Serge Prokofiev

Serge Prokofiev : les sept symphonies, les cinq concertos pour piano, les deux concertos pour violon, Symphonie concertante pour violoncelle, Ivan le Terrible, Alexandre Nevski

Dossier : Arts, lettres et sciencesMagazine N°757 Septembre 2020
Par Marc DARMON (83)

Orchestre du Mariins­ky, direc­tion Vale­ry Gergiev
7 DVD ou 4 Blu-Ray Arthaus

À l’occasion des cent vingt-cinq ans de la nais­sance de Serge Pro­ko­fiev, Vale­ry Ger­giev s’est lan­cé en mars 2016 dans un hom­mage mara­thon sur trois jours
entre Mos­cou et Saint-Péters­bourg. Toutes les sym­pho­nies et les concer­tos (et les grandes can­tates tirées des films d’Eisenstein), soit plus de onze heures de musique en cinq concerts sur trois jours ! Évi­dem­ment, l’orchestre du Mariins­ky est le meilleur orchestre de Rus­sie et le bou­li­mique Vale­ry Ger­giev, son chef depuis vingt-cinq ans, est l’interprète idéal pour l’œuvre de Pro­ko­fiev, lui qui en appré­cie depuis son jeune âge, comme il le raconte, les mélo­dies, les rythmes, les har­mo­nies, le lyrisme et l’énergie.

Le cof­fret est bien pré­sen­té selon trois périodes, la jeu­nesse (1911−1918), la période amé­ri­caine (une tour­née inter­na­tio­nale qui dura fina­le­ment quinze ans, loin des bol­che­viques, 1918–1932), puis le retour en Union sovié­tique sta­li­nienne (1932−1953). Mort le même jour que Sta­line, Pro­ko­fiev n’a bien sûr pas été hono­ré comme il aurait dû l’être.

Ger­giev fait remar­quer avec rai­son que Tchaï­kovs­ki lui-même avait ouvert à la fin de sa vie, avec sa sixième sym­pho­nie « Pathé­tique » et Casse-Noi­sette, des pers­pec­tives musi­cales nou­velles et que la musique que Tchaï­kovs­ki aurait com­po­sée s’il avait vécu plus long­temps aurait été pro­ba­ble­ment pas­sion­nante. Vale­ry Ger­giev fait le même com­men­taire sur Pro­ko­fiev et consi­dère que le com­po­si­teur, s’il avait vécu après sa sep­tième sym­pho­nie, aurait éga­le­ment conti­nué à offrir des sur­prises sans se répé­ter. Effec­ti­ve­ment l’ensemble de l’œuvre orches­tral de Pro­ko­fiev est à connaître et touche sou­vent des sommets.
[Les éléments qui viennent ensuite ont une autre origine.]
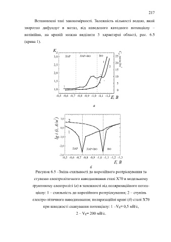 ґрунтовому електроліті (а) в залежності від поляризаційного потен-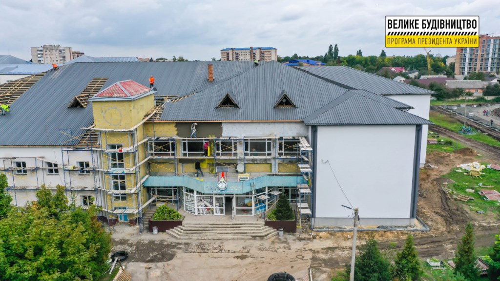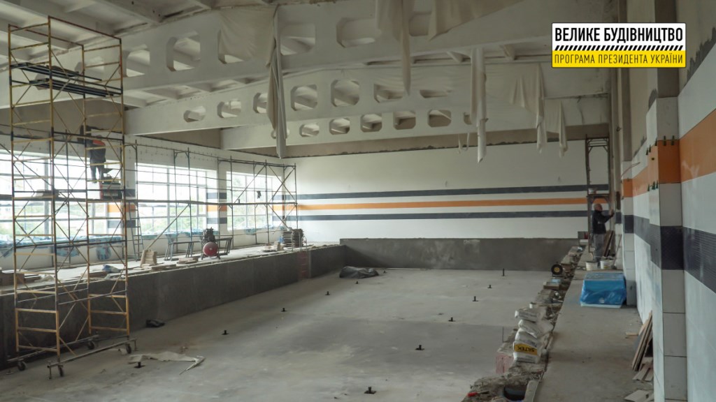 Наразі ремонтні роботи у розпалі. Зокрема, будівельники кладуть плитку у приміщенні, де розміщений басейн, а ззовні – утеплюють та оздоблюють фасад.

Natu­rel­le­ment tout le cof­fret est mémo­rable et consti­tue une somme de réfé­rence. Par où com­men­cer ? Le mor­ceau le plus acces­sible est for­cé­ment la pre­mière sym­pho­nie, dite « Clas­sique », pas­tiche du style de Haydn et Mozart par un potache de vingt-six ans. Les chefs‑d’œuvre sym­pho­niques sont pro­ba­ble­ment les cin­quième et sep­tième sym­pho­nies, conden­sé de tout son art. Par­mi les concer­tos, dif­fi­cile de choi­sir entre le pre­mier pour pia­no (par un génie de vingt ans), le troi­sième pour pia­no (mer­veille abso­lue) et le pre­mier pour vio­lon d’une sub­ti­li­té incroyable (et ici inter­pré­té par un Leo­ni­das Kava­kos brillan­tis­sime). Ensuite, décou­vrez la troi­sième sym­pho­nie, entiè­re­ment com­po­sée sur des motifs de son opé­ra mau­dit L’Ange de feu, puis son deuxième concer­to pour pia­no, joué tout en puis­sance par le colosse Denis Mat­suev. Et bien enten­du les can­tates consti­tuées pour le concert d’après les musiques com­po­sées pour les deux chefs‑d’œuvre d’Eisenstein, Alexandre Nevs­ki et Ivan le Ter­rible. L’épopée d’Alexandre Nevs­ki, qui boute au XIIIe siècle les Teu­tons hors de Rus­sie (nous sommes en 1938 !), a été res­ti­tuée par le grand cinéaste Eisen­stein dans un film chef‑d’œuvre où l’association et la syn­chro­ni­sa­tion du film et de la musique seront une réfé­rence pour le reste du siècle. 

Vous l’avez com­pris : un cof­fret où l’on revien­dra sans cesse, pour de nou­velles décou­vertes.